My winner this year, though, is the versatile, ever-surprising Naomi Watts, mainly for her spot-on turn in Rodrigo Garcia’s excellent Mother and Child, but also for her counterpoint, comedic work in Allen’s film, which shows a different side of the gifted Aussie, who has been nominated for one Oscar previously, as Best Actress for 21 Grams (one of the Academy’s most egregious snubs was to her performance in Mulholland Drive in 2001). As Elizabeth, the confused, fiercely intelligent and independent young lawyer, Watts sets a new standard. She explores each facet of her character, never shying away from being petulant, from being wounded, from being very complicated and human. Elizabeth is prickly, just as her birth mother Karen (Annette Bening), who gave her up for adoption thirty five years ago is, and just as lost. As Watts gorgeously pulls out all of the stops, going from outrageous to arch to venomous within seconds in some scenes, it becomes more and more impossible to think of another actress playing this part, which feels tailor-made for Watts’ custom blend of feminine guile, sensuality and sensibility. She is an actress who gets better and better with each passing year and it feels like the right time to recognize her willingness to take on daring, funny, dark, real women in a variety of films and roles, as she proved this year with her well-played leading turn as Valerie Plame in Fair Game and her supporting roles in Mother and Child and You Will Meet a Tall Dark Strangers. You don’t see too many movie stars pulling that kind of versatility off much these days, so Watts should be commended for her continuing dedication to trying on truly new personalities every year.

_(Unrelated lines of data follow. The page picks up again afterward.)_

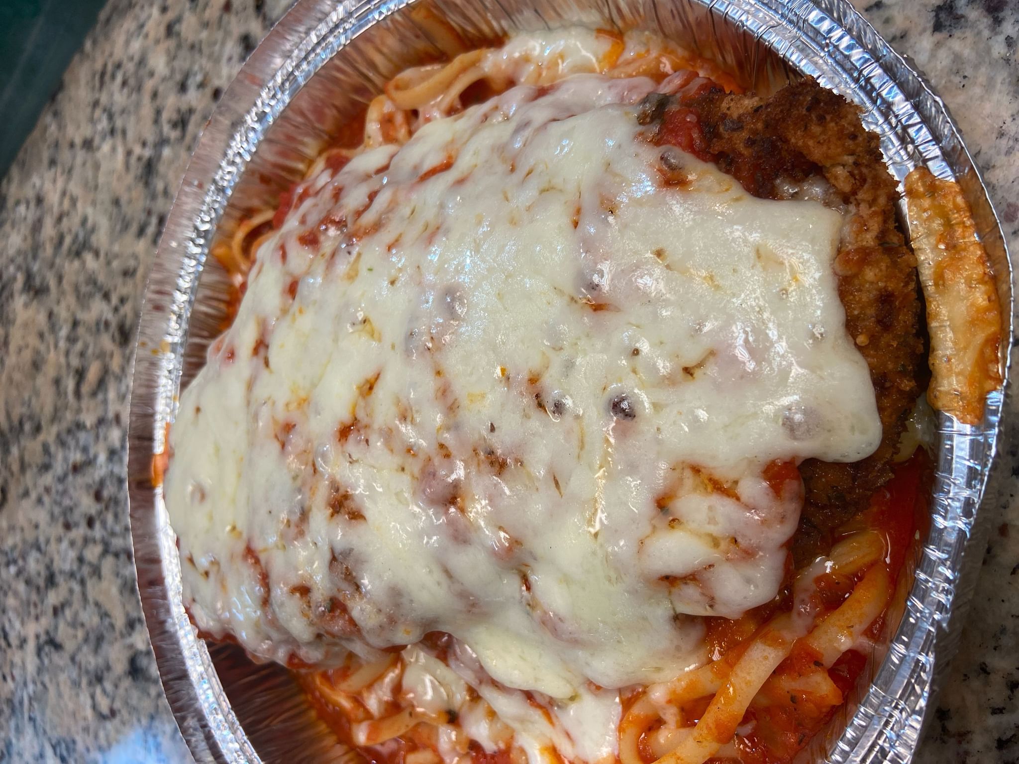 Served with linguini and marinara sauce with melted mozzarella cheese
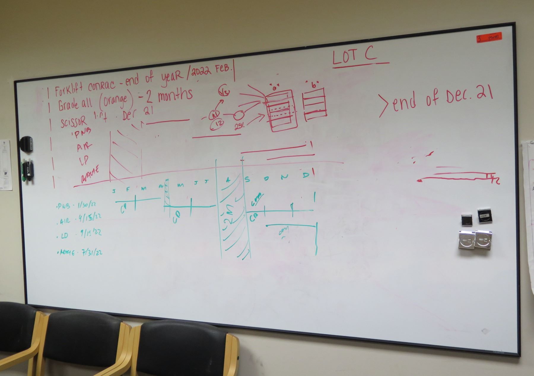 Dry Erase White Board Wall Mounted w/ Clips & Pens 95"x48"
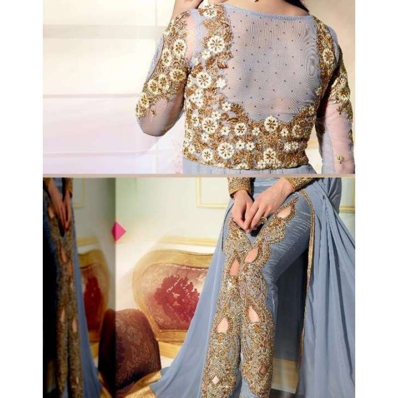 Georgette and comes with Heavy Embroideries on Front and back. The Dresses are Long, can be stitched upto Floor Touching Lengths, Sleeves Heavily Embroidered.
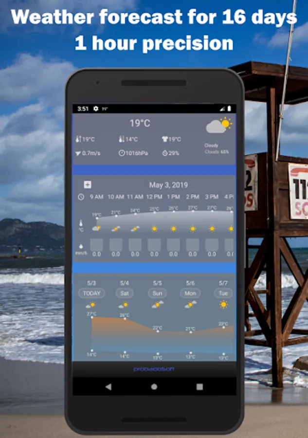 Pocket Weather is an advanced weather app for all locations around the world for the next 16 days with 1 hour precision. Aesthetic charts show changes in temperatures, rainfall, pressure and wind speed in a readable form. The weather forecast is reliable and accurate - it uses data provided by the American GFS (Global Forecast System) system within the NOAA organization (National Oceanic and Atmospheric Administration).
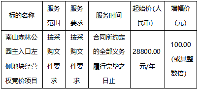 南山森林公园主入口左侧地块经营权竞价项目结果公告
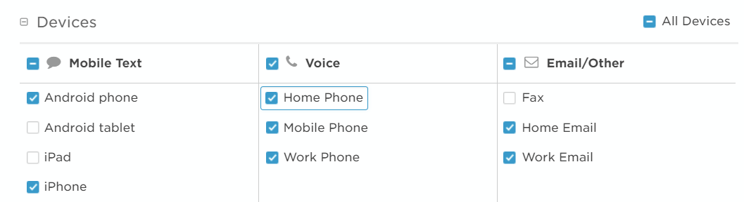 - Next, we'll edit the default devices. The underlying form only sends notifications to work phone and email devices. However in a SEV-1, it's a greater priority to get a hold of people right away, so we add text, home phone, and home email devices.
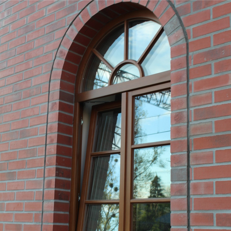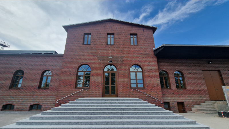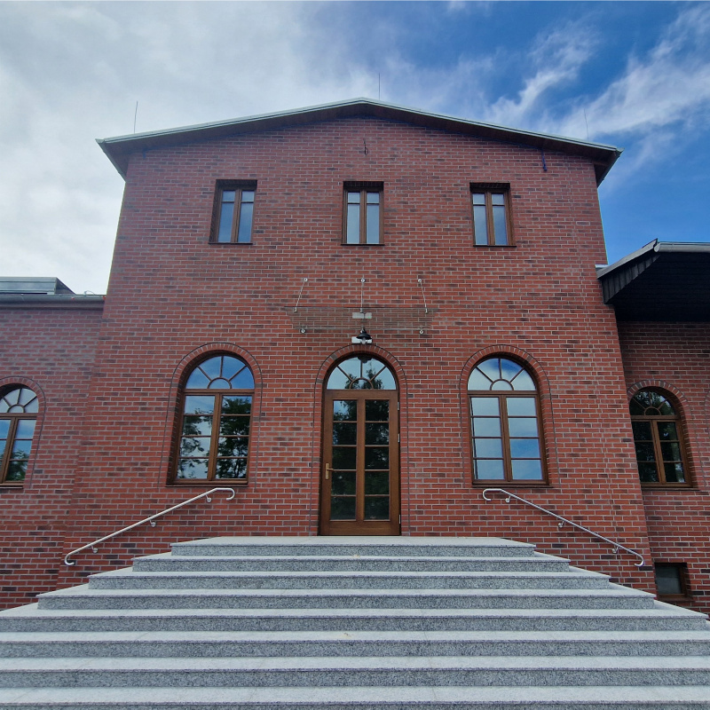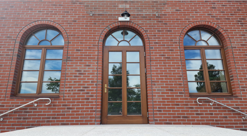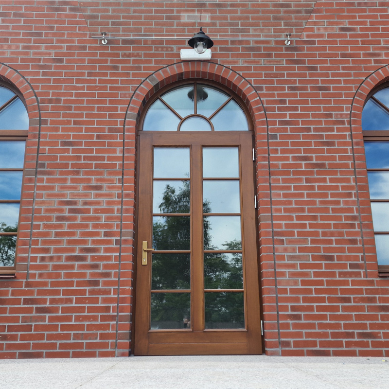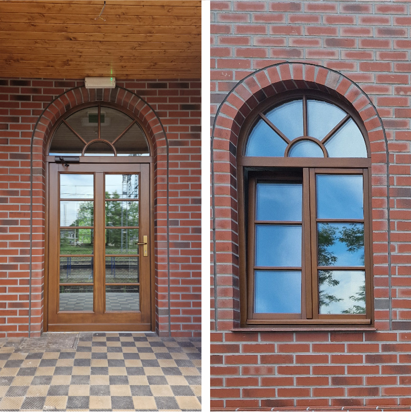 Okna i drzwi drewniane firmy Nieświec stały się częścią pięknej metamorfozy dworca kolejowego w Ozimku. Łukowe nadświetla z promienistymi szprosami wiedeńskimi doskonale komponują się z klinkierową elewacją i przywracają historyczną formę.

1. Naomi Watts … Mother and Child & You Will Meet a Tall Dark Stranger

2. Melissa Leo … Conviction, The Fighter & Welcome to the Rileys

3. Phylicia Rashad … For Colored Girls

4. Jacki Weaver … Animal Kingdom

5. Elle Fanning … Somewhere

6. Amy Adams … The Fighter

7. Kimberly Elise … For Colored Girls

8. Kerry Washington … For Colored Girls & Mother and Child

9. Olivia Williams … The Ghost Writer

10. Miranda Richardson … Made in Dagenham

11. Ruth Sheen … Another Year

12. Thandie Newton … For Colored Girls

13. Loretta Devine … For Colored Girls

14. Barbara Hershey … Black Swan

15. Dale Dickey … Winter’s Bone

16. Gemma Jones … You Will Meet a Tall Dark Stranger

17. Marion Cotillard … Inception

18. Patricia Clarkson … Easy A & Shutter Island

19. Sissy Spacek … Get Low

20. Rebecca Hall … Please Give & The Town

Best Actress

With this category, I was so tempted to include Joan Rivers, who contends in A Piece of Work that she has been playing the character of “Joan Rivers”, and perfecting it, for her entire life (and she is riveting in the film and in the “part”, as an accelerated, meta version of herself). In the end, I decided that performances in non-fiction films, even though they can be just as highly scripted and constructed as those in traditional cinema, will not be eligible to be in this particular conversation about great female acting, especially in one of the finest years for women and womens’ roles – particularly for women over 40 – in at least a decade.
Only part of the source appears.